Thanks for the response. I've revisited the Colab and things are running from start to finish. For whatever reason, I had originally overlooked Cell 2 and never ran it:

#@title Set up working directories and download files/checkpoints. { display-mode: "form" }
# Create directory for storing model weights (2.3GB) and example sequences.

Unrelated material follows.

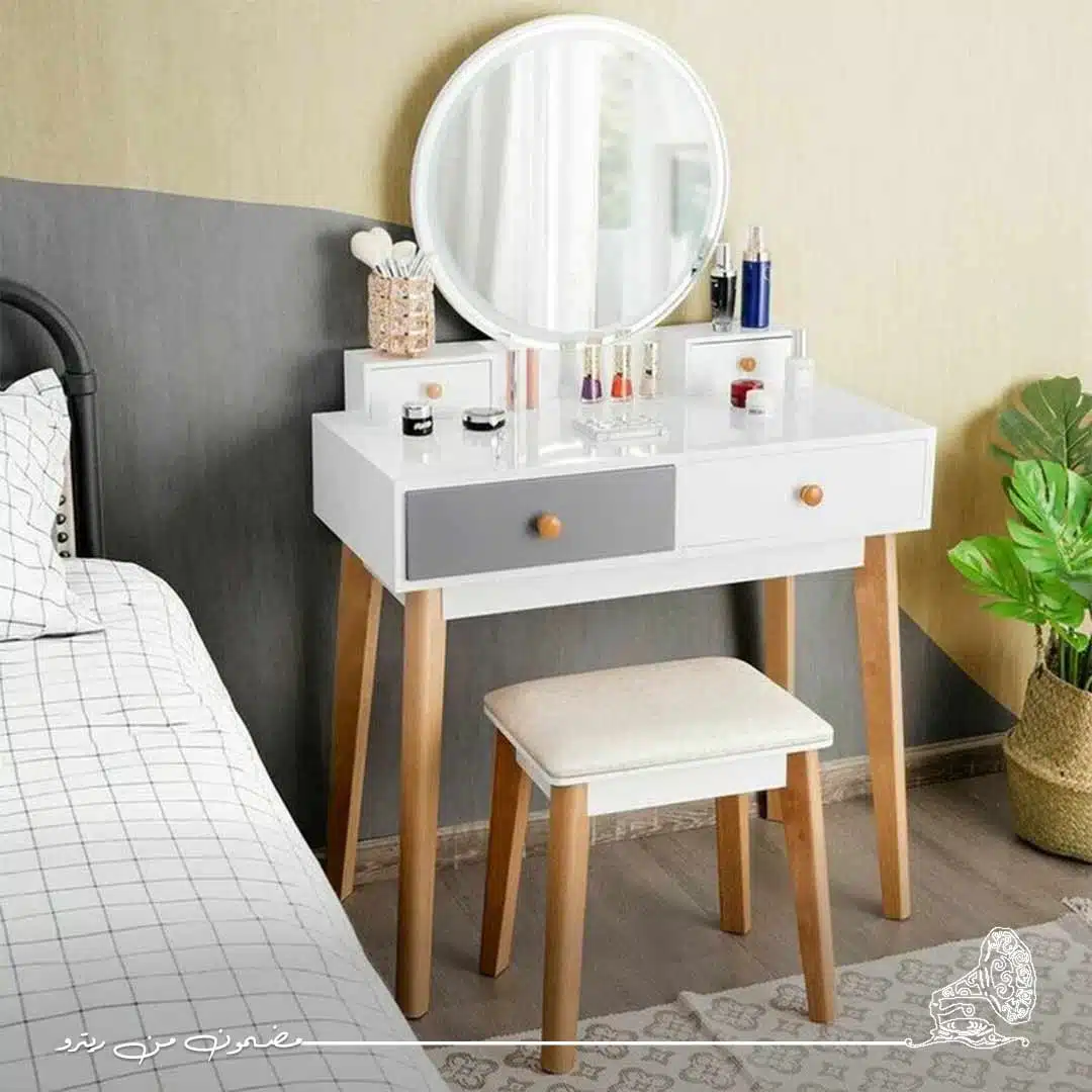 تسريحة مودرن بتصميم عملي يجمع بين الأناقة والراحة في الاستخدام.تاتي التسريحة باللون الابيض النقي قائمة علي ارجل باللون الخشي الدافئ بشكل مميز مما يجعلها قطعة فريدة من نوعها و تضيف المزيد من الجمال علي غرفتك تتميز بحجم مثالي لمساحات الغرف الصغيرة أو المتوسطة، مع درجين للتخزين يساعدان في تنظيم الأدوات الشخصية.يأتي معها كرسي بنفس الطابع العصري، ليكتمل الطقم بتناسق جميل.مثالية لمن يبحث عن تسريحة بسيطة بتفاصيل مميزة

# Here we use the encoder-part of ProtT5-XL-U50 in half-precision (fp16) as 
# it performed best in our benchmarks (also outperforming ProtBERT-BFD).
# Also download secondary structure prediction checkpoint to show annotation extraction from embeddings
!mkdir protT5 # root directory for storing checkpoints, results etc
!mkdir protT5/protT5_checkpoint # directory holding the ProtT5 checkpoint
!mkdir protT5/sec_struct_checkpoint # directory storing the supervised classifier's checkpoint
!mkdir protT5/output # directory for storing your embeddings & predictions
!wget -nc -P protT5/ https://rostlab.org/~deepppi/example_seqs.fasta
# Huge kudos to the bio_embeddings team here! We will integrate the new encoder, half-prec ProtT5 checkpoint soon
!wget -nc -P protT5/sec_struct_checkpoint http://data.bioembeddings.com/public/embeddings/feature_models/t5/secstruct_checkpoint.pt

I'm going to close this issue. Thanks for your help.